Chief Marshal of Aviation Alexander Novikov led the VVS from 1942 to the end of the war, and was credited with introducing several innovations and weapons systems. For the last year of the war German military and civilians retreating towards Berlin were hounded by the presence of "low flying aircraft" strafing and bombing them, an activity in which even the ancient Polikarpov Po-2, a much produced flight training (uchebnyy) biplane of 1920s design, took part. However, this was but a small measure of the experience the Wehrmacht were receiving due to the sophistication and superiority of the Red Air Force. In one strategic operation alone, the Yassy-Kishinev Strategic Offensive, the 5th and 17th Air Armys and the Black Sea Fleet Naval Aviation aircraft achieved a 3.3 to 1 superiority in aircraft over Luftflotte 4 and the Royal Romanian Air Force, allowing almost complete freedom from air harassment for the ground troops of the 2nd and 3rd Ukrainian Fronts.

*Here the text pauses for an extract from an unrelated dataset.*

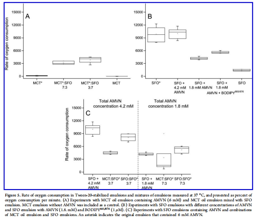 氧氣消耗速率:使用氧電極測量了乳液在37°C下的氧氣濃度隨時間下降的斜率。意義:從宏觀上反映了乳液體系的整體氧化程度。數(shù)據(jù)顯示,將含AMVN的MCT油乳液與不含AMVN的SFO乳液混合后,其耗氧速率甚至高于純SFO乳液(圖5A, B)。這宏觀地證明了位于MCT油滴中的自由基引發(fā)劑能夠引發(fā)并加速SFO油滴的氧化,支持了自由基跨油滴轉(zhuǎn)移的假說。

As with many Allied countries in World War II, the Soviet Union received Western aircraft through Lend-Lease, mostly Bell P-39 Airacobras, Bell P-63 Kingcobras, Curtiss P-40 Kittyhawks, Douglas A-20 Havocs, Hawker Hurricanes, and North American B-25 Mitchells. Some of these aircraft arrived in the Soviet Union in time to participate in the Battle of Moscow, and in particular with the PVO or Soviet Air Defence Forces. Soviet fliers in P-39s scored the highest individual kill totals of any ever to fly a U.S. aircraft. Two air regiments were equipped with Spitfire Mk.Vbs in early 1943 but immediately experienced unrelenting losses due to friendly fire as the British aircraft looked too much like the German Bf 109. The Soviet Union was then supplied with some 1,200 Spitfire Mk. IXs from 1943. Soviet pilots liked them but they did not suit Soviet combat tactics and the rough conditions at the forward airfields close to the front lines. Spitfires Mk. IXs were therefore assigned to air defense units, using the high altitude performance to intercept and pursue German bombers and reconnaissance aircraft. By 1944, the Spitfire IX was the main fighter used in this role and would remain so until 1947. Lend-Lease aircraft from the U.S. and UK accounted for nearly 12% of total Soviet air power.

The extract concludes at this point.